[WHAT IS EXPECTED]:
After locating the line with "專利:一種應(yīng)用于氣箱脈沖布袋除塵器改造的濾筒除塵工藝 時(shí)間: 2020-08-01" in the data that follows, return it and every later line exactly, up to and including the line with "The 2.5 peak".

[RECORDS FOR THIS EXERCISE]:
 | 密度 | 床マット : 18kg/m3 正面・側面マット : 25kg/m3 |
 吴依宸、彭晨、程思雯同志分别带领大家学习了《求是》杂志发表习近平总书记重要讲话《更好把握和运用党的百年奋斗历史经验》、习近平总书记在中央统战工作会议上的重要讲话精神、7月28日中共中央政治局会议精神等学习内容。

---

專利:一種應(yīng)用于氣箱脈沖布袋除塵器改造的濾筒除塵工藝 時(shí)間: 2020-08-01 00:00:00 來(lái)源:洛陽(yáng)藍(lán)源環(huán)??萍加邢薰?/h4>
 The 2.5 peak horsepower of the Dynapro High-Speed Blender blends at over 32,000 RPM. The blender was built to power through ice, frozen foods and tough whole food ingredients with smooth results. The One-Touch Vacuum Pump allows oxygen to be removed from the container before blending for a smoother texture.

---

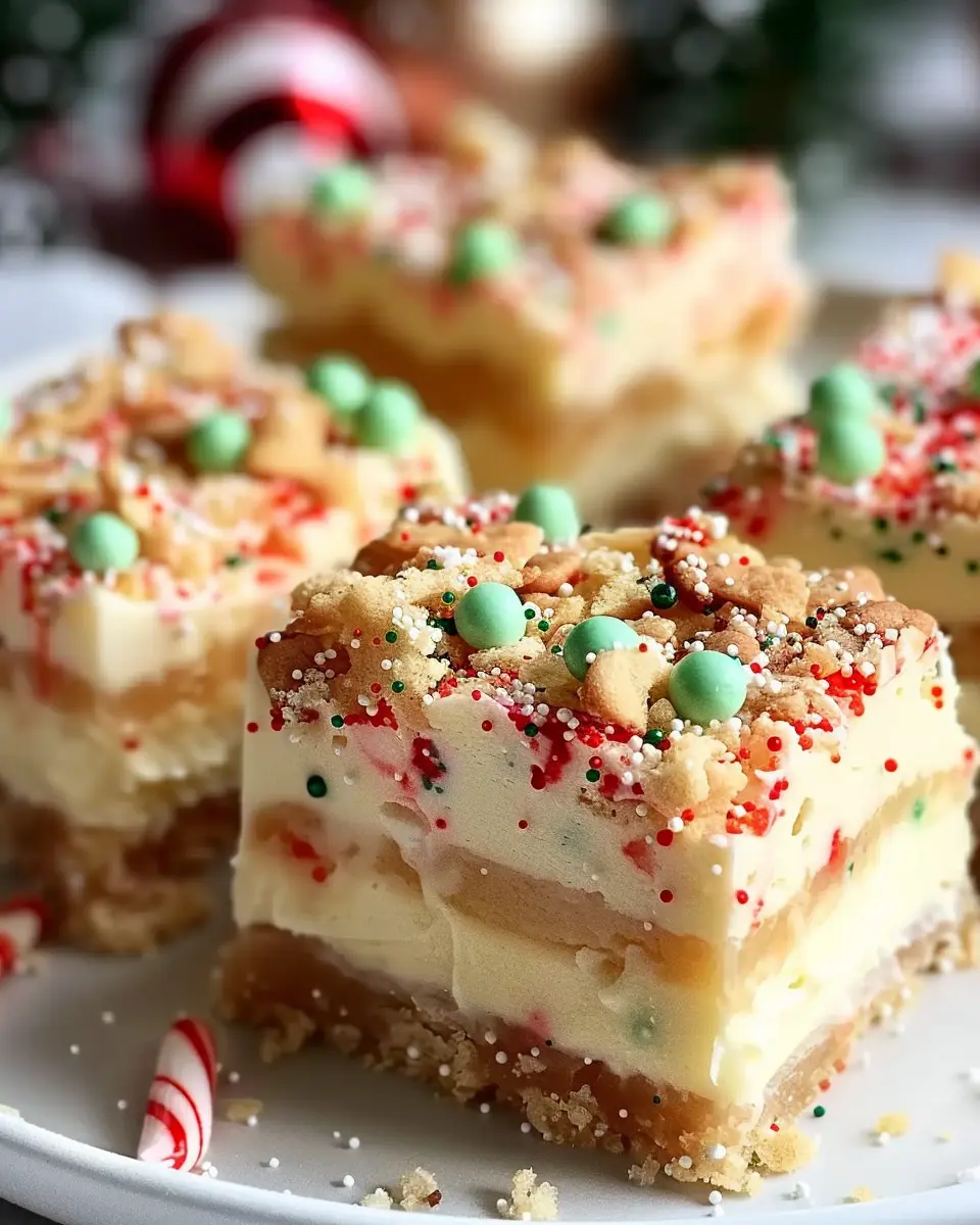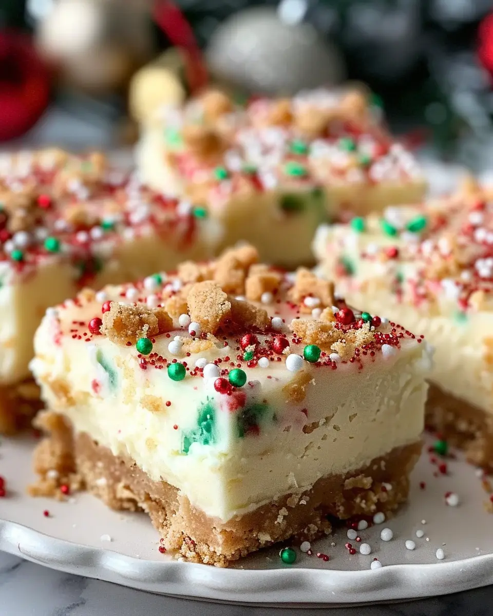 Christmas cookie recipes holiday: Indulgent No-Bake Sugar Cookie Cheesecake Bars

[WORKED SOLUTION]:
專利:一種應(yīng)用于氣箱脈沖布袋除塵器改造的濾筒除塵工藝 時(shí)間: 2020-08-01 00:00:00 來(lái)源:洛陽(yáng)藍(lán)源環(huán)??萍加邢薰?/h4>
 The 2.5 peak horsepower of the Dynapro High-Speed Blender blends at over 32,000 RPM. The blender was built to power through ice, frozen foods and tough whole food ingredients with smooth results. The One-Touch Vacuum Pump allows oxygen to be removed from the container before blending for a smoother texture.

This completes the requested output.